Mission: Deep-Sea Coral Research
Geographic area of the cruise: Off the coast of Fenwick Island, Maryland
Date: August 13, 2014

Weather information from the Bridge
Air Temperature: 24°
Wind Direction: 294
Weather Conditions: Mostly Sunny
Latitude: 38° 33.1870′
Longitude: 73° 10.9734′

Science and Technology Log

Week 2 started for me as it has for the past few days, at midnight. The camera was already on the seafloor taking pictures of Wilmington Canyon off the coast of Ocean City, Maryland when I arrived. It was the longest dive we’ve completed, spanning almost 10 hours of tow time. TowCam took us through some interesting terrain, and I’m excited to take a look at the new images she’s caught for us.

Dr. Lizet Christiansen prepares TowCam for its first dive.
Dr. Lizet Christiansen prepares TowCam for its first dive.

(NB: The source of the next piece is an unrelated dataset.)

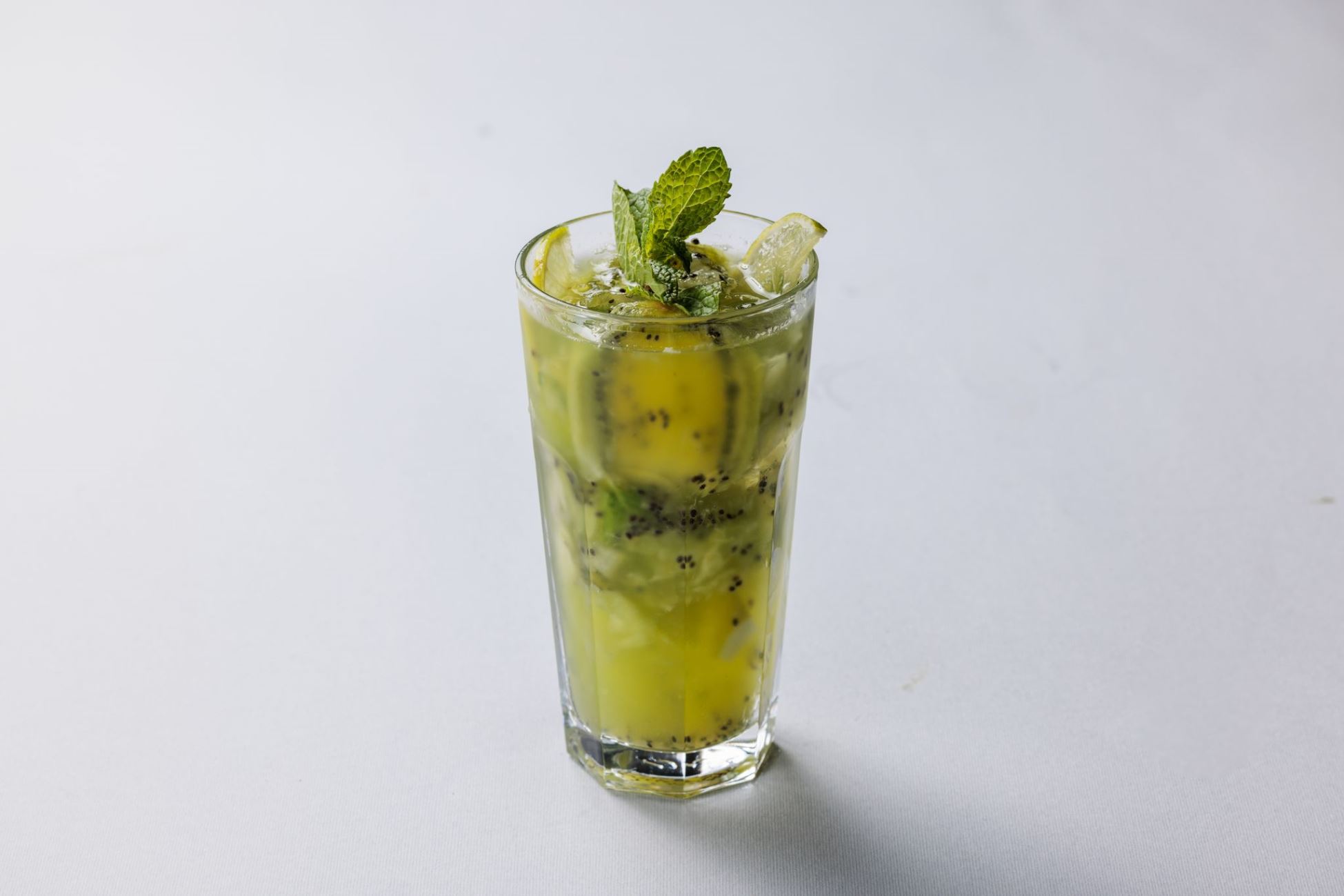 مزيج من الباشون فروت الطازج وعصير الليمون والنعناع والصودا

In fact, I’ve spent quite a bit of time with TowCam these past few days. I’ve grown curious about where she’s been, where she’s going, and what she does when she’s not here on the Bigelow. Turns out, TowCam is well-travelled, and far from a one-trick pony.

TowCam’s Cam, Travels, and Talents

TowCam's camera is protected at depth by its sturdy casing.
TowCam’s camera is protected at depth by its sturdy casing.

This Nikon D7000 is a high-end off-the-shelf DSLR camera that has been modified to operate remotely. It can dive to depths of 6,000 meters thanks to its titanium casing made by Ocean Imaging Systems, which has a high strength-to-weight ratio. It streams low resolution images in real-time and can hold over 5,000 high resolution (16 MegaPixel) images to be retrieved after each tow.

TowCam has worked all over the world, at depths ranging from shallow coastal waters to 6,000 meters. Getting there requires a lot of planning and some interesting travel plans. TowCam arrived ready for deployment on the Bigelow by way of a flatbed truck from nearby Woods Hole, Massachusetts. But she is also no stranger to long journeys on freighter ships across the sea.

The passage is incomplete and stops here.